Work required
As an exercise in exact copying, transcribe the lines below from the one holding "La creatividad argentina" through the last, with both ends included and pictures left out.

Source records:
--- --- ---
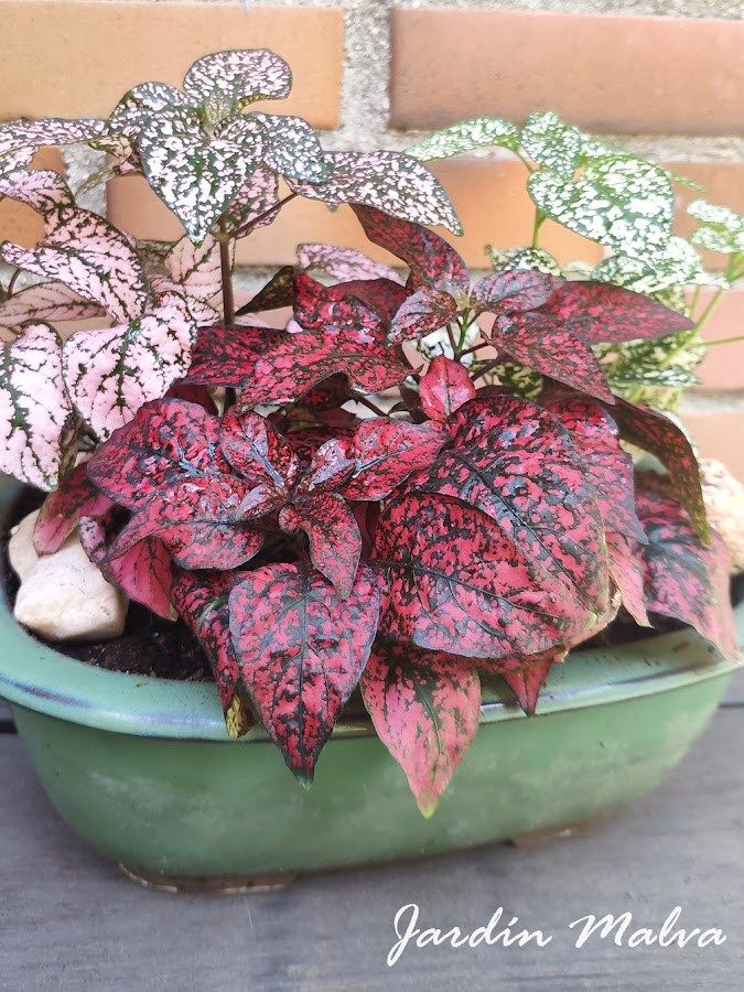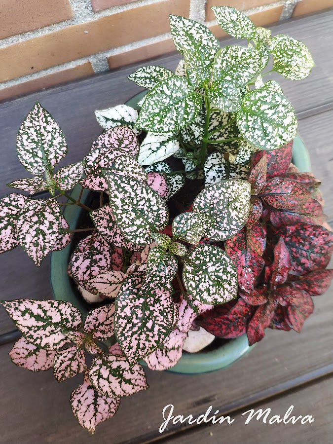 Me encantan los colores de las Hipoestes, con sus hojas verdes salpicadas. Estas manchas pueden ser rojas, rosas, blancas.... Yo he combinado tres diferentes en este centro pero no podría decidirme por ninguna de ellas.
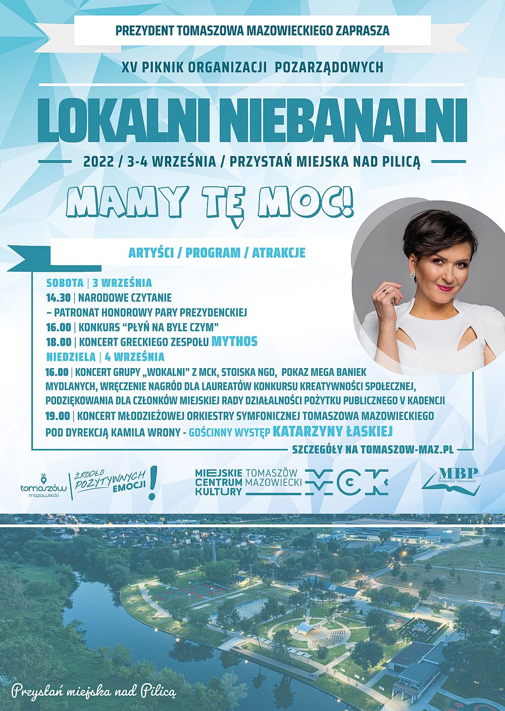 W sobotę o godz. 14.30 odbędzie się Narodowe Czytanie, o godz. 16 konkurs "Płyń na byle czym", a o godz. 18 koncert greckiego zespołu MYTHOS. W niedzielę o godz. 16 można będzie posłuchać występów grupy Wokalni działającej w MCK. Odbędzie się pokaz baniek mydlanych i prezentacje stoisk organizacji pozarządowych. Laureatom Konkursu Kreatywności Społecznej zostaną wręczone nagrody. O godz. 19.00 na scenie wystąpi Młodzieżowa Orkiestra Symfoniczna Tomaszowa Mazowieckiego z udziałem Katarzyny Łaskiej.
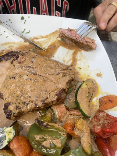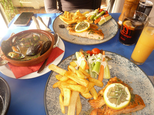 Read moreWe had the salmon with caviar, french fries and on the side from the starter mussel with garlic. The food was nice, I liked the salmon. The french fries were a bit too soggy though and the portion size should be in my opinion better regulated. My friend’s portion was much smaller than mine for some reason, even the french fries. Besides that the salmon portion could have been bigger for that prize. The mussels however were good. For the price the portion was good and the taste was great.
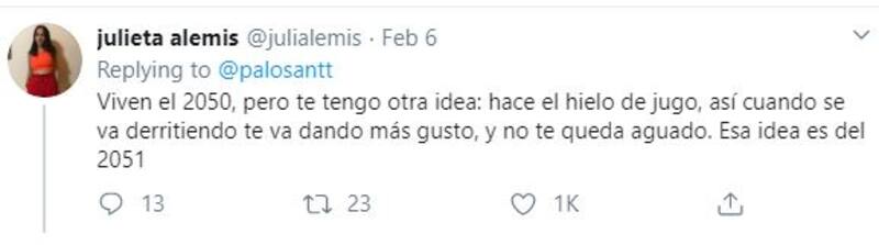 La creatividad argentina nació en Twitter en la que la usuaria que usa el nombre de Paloma (@PaloSantt es su usuario) compartió la foto. "Con mi hermano vimos una foto y creamos nuestro propio mate de hielo para tomar terere", confirmó.
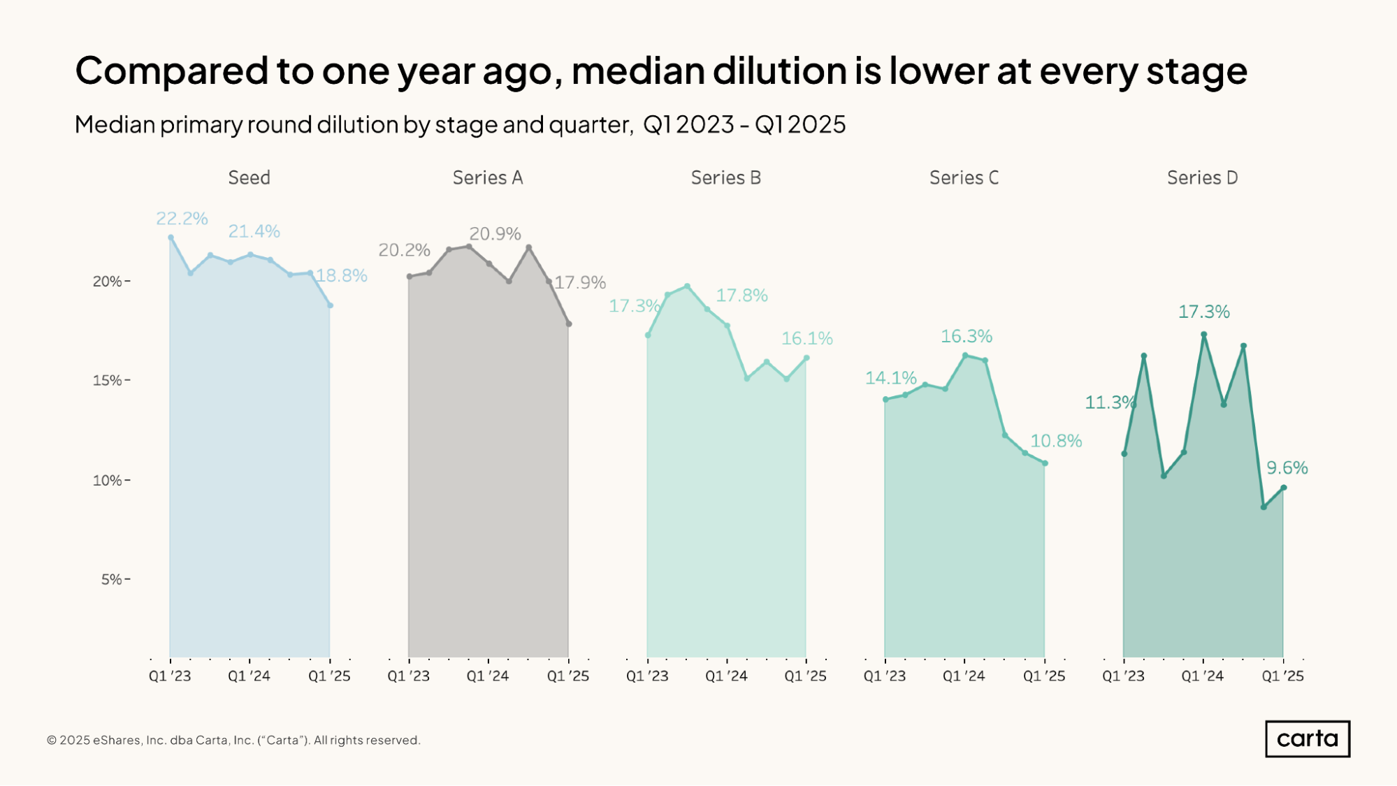 시리즈 D 희석률은 절반 수준으로 감소 - 2025년 1분기에는 10% 이하로 떨어졌으며, 이는 투자자들이 유망한 기업에 투자하기 위해 더 적은 지분으로도 만족하고 있음을 보여줌.
--- --- ---
Response box
 La creatividad argentina nació en Twitter en la que la usuaria que usa el nombre de Paloma (@PaloSantt es su usuario) compartió la foto. "Con mi hermano vimos una foto y creamos nuestro propio mate de hielo para tomar terere", confirmó.
 시리즈 D 희석률은 절반 수준으로 감소 - 2025년 1분기에는 10% 이하로 떨어졌으며, 이는 투자자들이 유망한 기업에 투자하기 위해 더 적은 지분으로도 만족하고 있음을 보여줌.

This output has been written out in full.